• **EXTRACTED RECORDS**
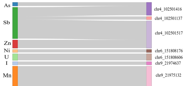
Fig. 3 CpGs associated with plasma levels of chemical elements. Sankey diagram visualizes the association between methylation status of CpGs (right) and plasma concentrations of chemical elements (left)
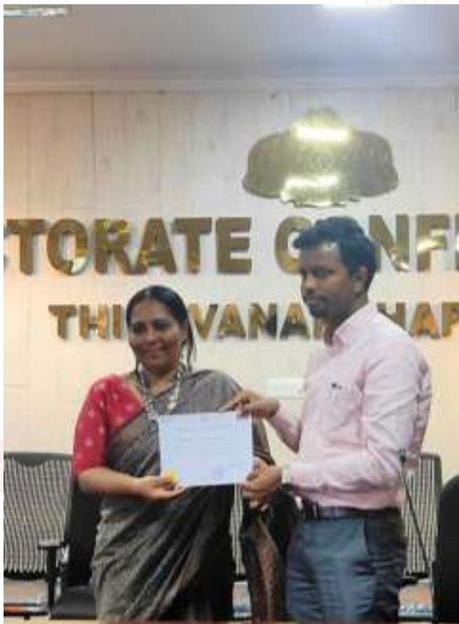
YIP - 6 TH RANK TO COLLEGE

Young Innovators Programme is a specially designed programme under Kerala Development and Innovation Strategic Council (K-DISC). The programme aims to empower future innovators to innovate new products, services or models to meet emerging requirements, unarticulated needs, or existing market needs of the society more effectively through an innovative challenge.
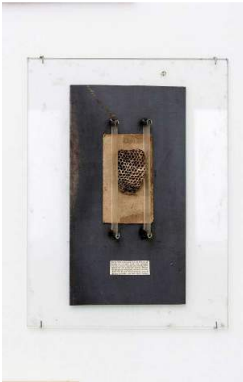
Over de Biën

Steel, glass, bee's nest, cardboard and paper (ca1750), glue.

* * *

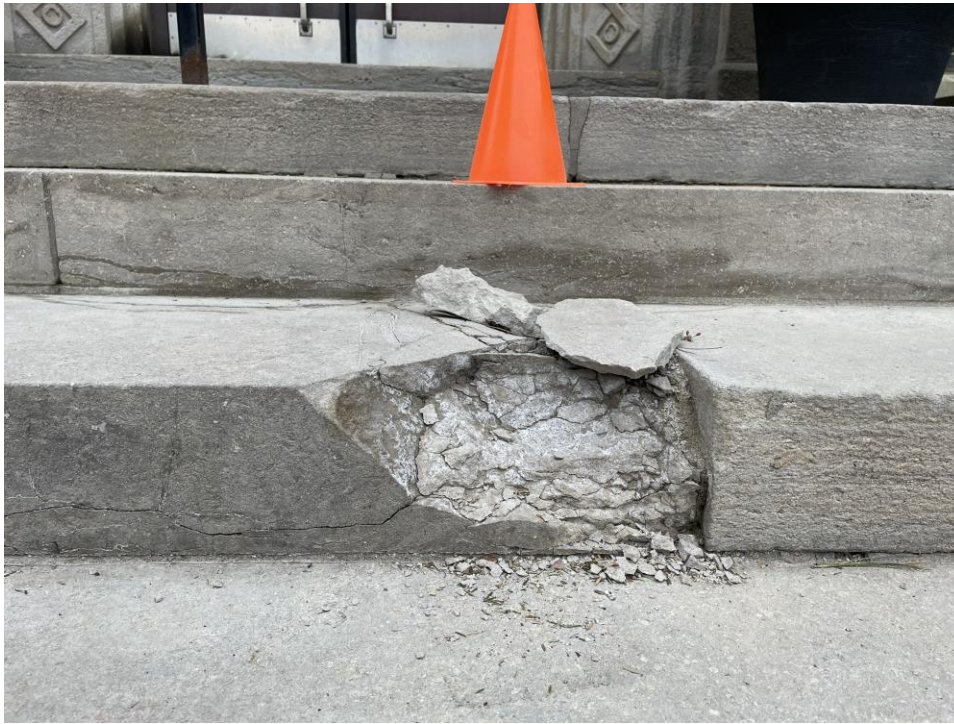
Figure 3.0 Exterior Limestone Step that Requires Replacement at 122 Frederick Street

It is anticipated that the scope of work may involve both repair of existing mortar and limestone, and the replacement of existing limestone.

• **EXERCISE OBJECTIVE**
Please state how many lines of the material contain the word "that", giving the number alone.

• **FINAL ANSWER**
2